Bilgi-belge her neyse varsa paylaşabilir misiniz?

Bunlari söyledimi bilemiyorum...
Su zamana kadar böyle bir sey söyledigine veya yazdigina sahit olmadim.

Biraz mantikli düsünmemiliyz.
Ömrünün büyük bir kismini milli ve manevi degerler ugrunda fikri mücadele vermis ve mücadelesi ugrunda hapislerde yatmis bir aksiyon insanindan bahsediyoruz.
Öyleki...,
1960'li yillarda Osmanli lehine tek bir söz söylenmesinin bile takibat sebebi olabilecegi buhranli bir devirde, devlet tarafindan hain ilan edilen Sultan Vahidüddin Han'i, herseye ragmen, nesriyat yoluyla savunan ve hakikatte bir vatan sevdalisi oldugunu ilan eden ILK kesim N. Fazil Kisakürek ve öncülük ettigi Büyük Dogu hareketidir.
Üstadin Sultan 2. Abdulhamid Han hakkindaki güzel yazilarini okumak isterseniz, "son devrin din mazlumlari" adli eserinin birinci bölümünü okumanizi tavsiye ederim.
Bunun disinda verdigi fikri mücadelenin temel taslarindan biriside icindeki Osmanli sevdasi oldugunu muhtelif yazilarindan ve insanlarla yaptigi degerli paylasimlarindan anliyabilirsiniz.

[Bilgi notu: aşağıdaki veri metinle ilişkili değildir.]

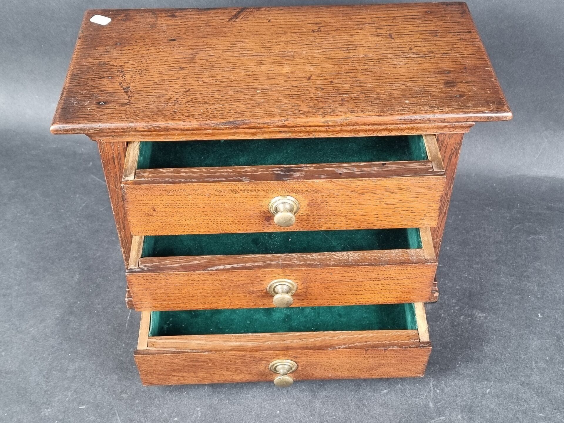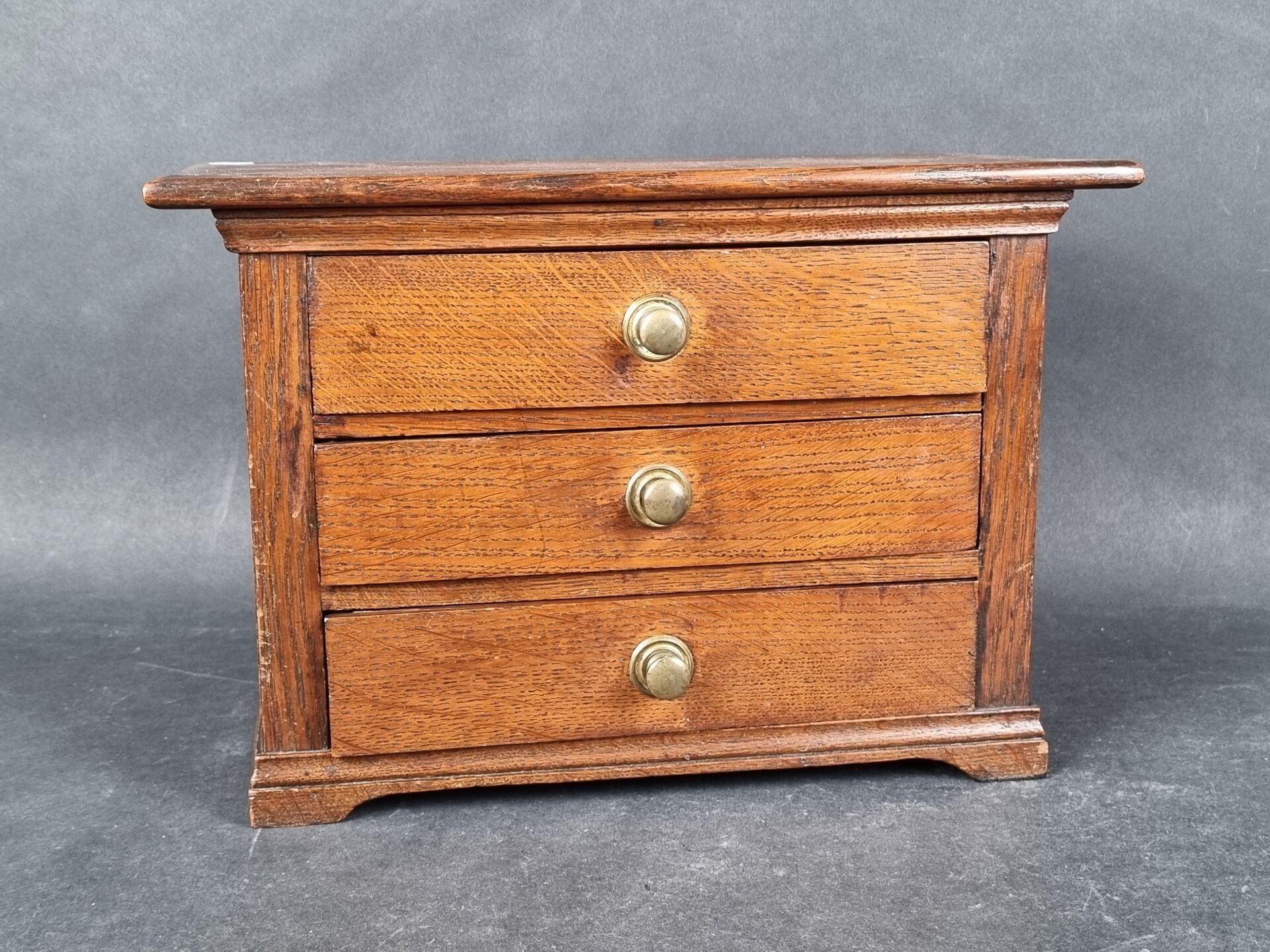 Commode miniature en chêne à trois tiroirs (26 x 38 x 18 cm)

Simdi mantikli düsünmek gerekir.
Böyle bir insanin Osmaliya karsi olumsuz sözleri olabilirmi?
Eger bu cümleyi sarf etmisse, bunu hangi anlamda ve ortamda neyi ifade etmek icin kullanmis olabilir diye arastirmadan onu Osmanli aleyhtarimis gibi yansitmak ne derece dogrudur.?

Merhum M. Akif Ersoy'u bilirsiniz.
Mübarek insan istiklal marsimizin yazari ve milli sairimiz.
Bugün milli ve manevi cephenin Fatihalarla yad ettigi ve hürmet ile anildigi bir büyük insan.
Cenabi Allah rahmetini esirgemesin ve bu millete nice Akifler nasip etsin.
Lakin,
bu mübarek sairimizin istbdad adli bir siir'i vardir...bilmem hic okudunuzmu?
Bu yazisinda Cennetmekan Sultan 2. Abdulhamid Han hazretleri icin öyle hakaretler dizelemiski akliniz hayaliniz durar.
Bilinen bir gercek vardir M. Akif devrinde atesli bir Abdulhamid muhalifiydi...ve bunuda cevresine yansitiyordu.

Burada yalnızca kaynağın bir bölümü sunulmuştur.